M. Jean-Claude Duplessy, membre de la CNE, a estimé que les efforts réalisés par l'ANDRA pour réviser son programme d'expérimentations scientifiques débouchent sur un résultat satisfaisant.

M. Claude Gatignol, député, regrettant les retards pris par certains projets, s'est toutefois félicité des dispositions prises par l'ANDRA et par les résultats obtenus pour les conteneurs.

M. Jean Lefèvre, membre de la CNE, a précisé que la réalisation de conteneurs parallélépipédiques spécifiques pour les déchets B en coopération entre l'ANDRA et le CEA, devrait aboutir fin 2004.

M. Ghislain de Marsily, membre de la CNE, a indiqué que les progrès de sécurité faits pour le creusement du puits de Bure devraient aussi bénéficier à la vitesse de creusement et que les forages déviés complémentaires constituent une garantie d'obtention de résultats.

M. Bernard Tissot, président de la CNE, a estimé qu'une grande partie des difficultés rencontrées à Bure provient des conditions de démarrage du projet.

En réponse à l'interrogation de M. Claude Birraux, président, sur les éventuelles possibilités de coopération avec la Russie, M. Jean-Paul Schapira, membre de la CNE, a d'abord souligné l'expertise russe sur les réacteurs à neutrons rapides refroidis au plomb, qui pourrait être utile à un futur projet européen développé dans l'Union européenne, puis M. Jean Lefèvre, membre de la CNE, a ensuite précisé que les méthodes de stockage des déchets en Russie ne correspondent pas aux exigences très élevées des autres pays nucléaires.

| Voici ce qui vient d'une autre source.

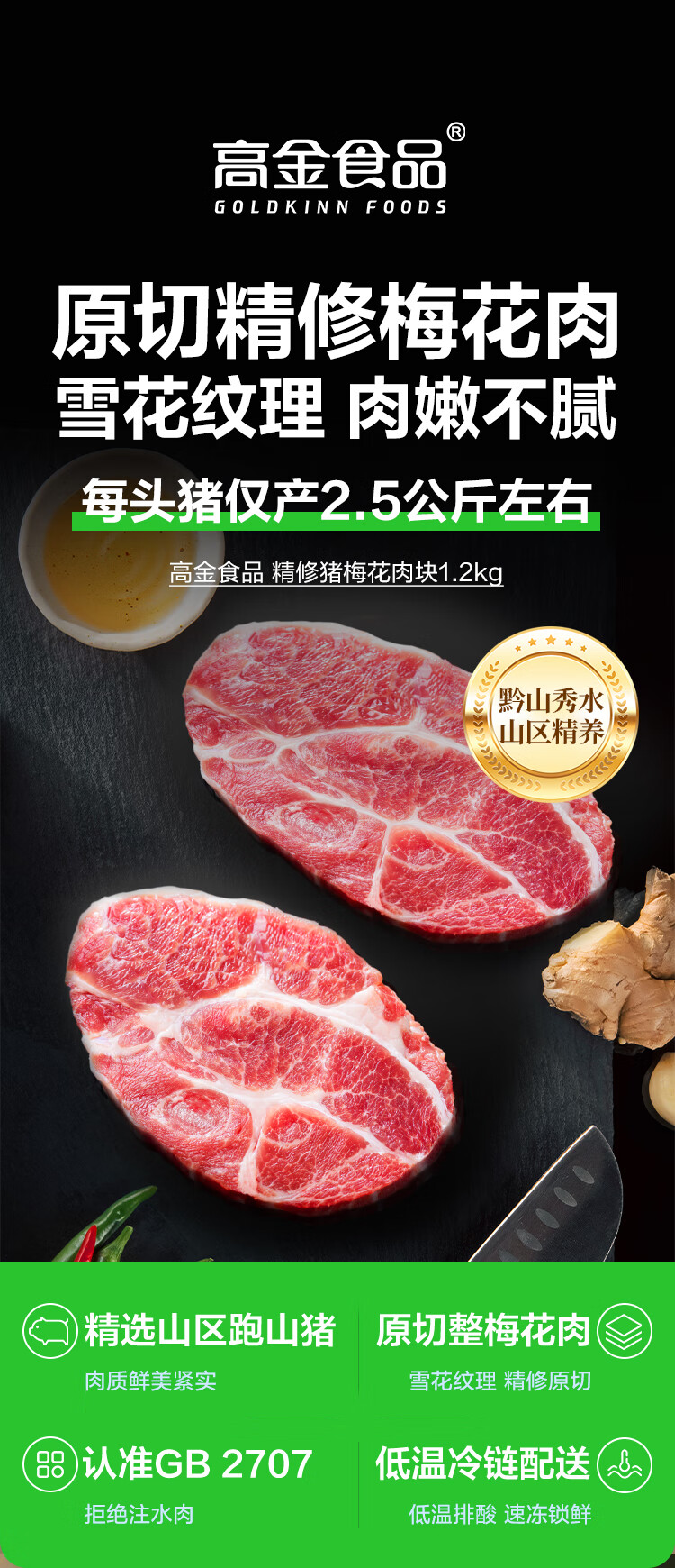 高金食品 猪梅花肉块2.4斤贵州山区跑山猪烧烤食材梅肉猪颈肉猪肉猪肉生鲜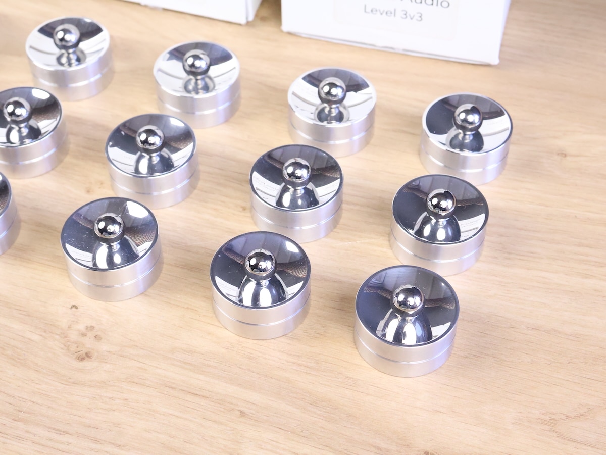 Six sets of three Ingress Audio Level 3v3 Isolation System audio tuning feet in a very good condition. Hand-polished aluminum bases and Grade 10 steel bearings ensure optimal performance. Isolate your components from harmful vibrations that muddy your sound. Experience a wider soundstage, enhanced detail, and tighter bass response.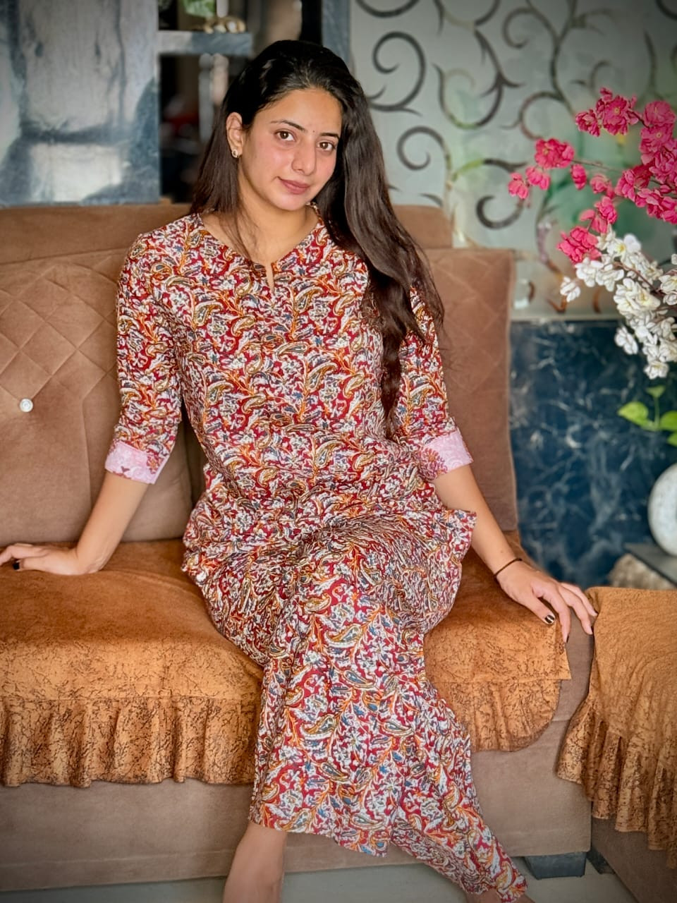 "Radiate warmth and ethnic charm with this stunning Crimson Red Paisley Co-ord Set. Designed for the woman who loves a splash of color, this two-piece ensemble features a rich, rustic red base densely packed with intricate paisley and floral motifs in contrasting shades of mustard yellow, teal, and ivory. The top is a relaxed-fit tunic with a comfortable notch neckline and three-quarter sleeves that are beautifully finished with a contrasting pink floral border at the cuffs, adding a unique and thoughtful detail to the design.
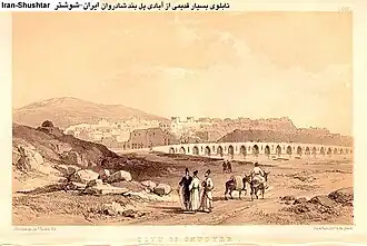 The approximately 500m long overflow dam over the Karun, Iran's most effluent river, was the core structure of the Shushtar Historical Hydraulic System (سازههای آبی شوشتر) from which the city derived its agricultural productivity.[5] The arched superstructure carried across the important road between Pasargadae and the Sasanian capital Ctesiphon.[6] Repaired repeatedly throughout the Islamic era,[7] the dam bridge remained in use until the late 19th century.[8] In 2009, it was designated by UNESCO as Iran's 10th World Heritage Site.[9]

M. Bernard Tissot, président de la CNE, ayant fait part d'une demande de l'autorité de sûreté nucléaire et de radioprotection de disposer à la mi-2004 d'un pré rapport d'évaluation globale des recherches relatives à la loi de 1991, M. Christian Bataille, député, a indiqué que, compte tenu de l'accélération des recherches en cours, la date butoir de la fin 2006 pour l'évaluation globale des recherches ne saurait être avancée que de quelques mois pour tenir compte du calendrier institutionnel et qu'il ne saurait y avoir en la matière ni précipitation, ni anticipation hâtive et excessive.

Après avoir remercié la Commission nationale d'évaluation et son président pour leur contribution à l'information du Parlement, M. Claude Birraux, président, a levé la séance.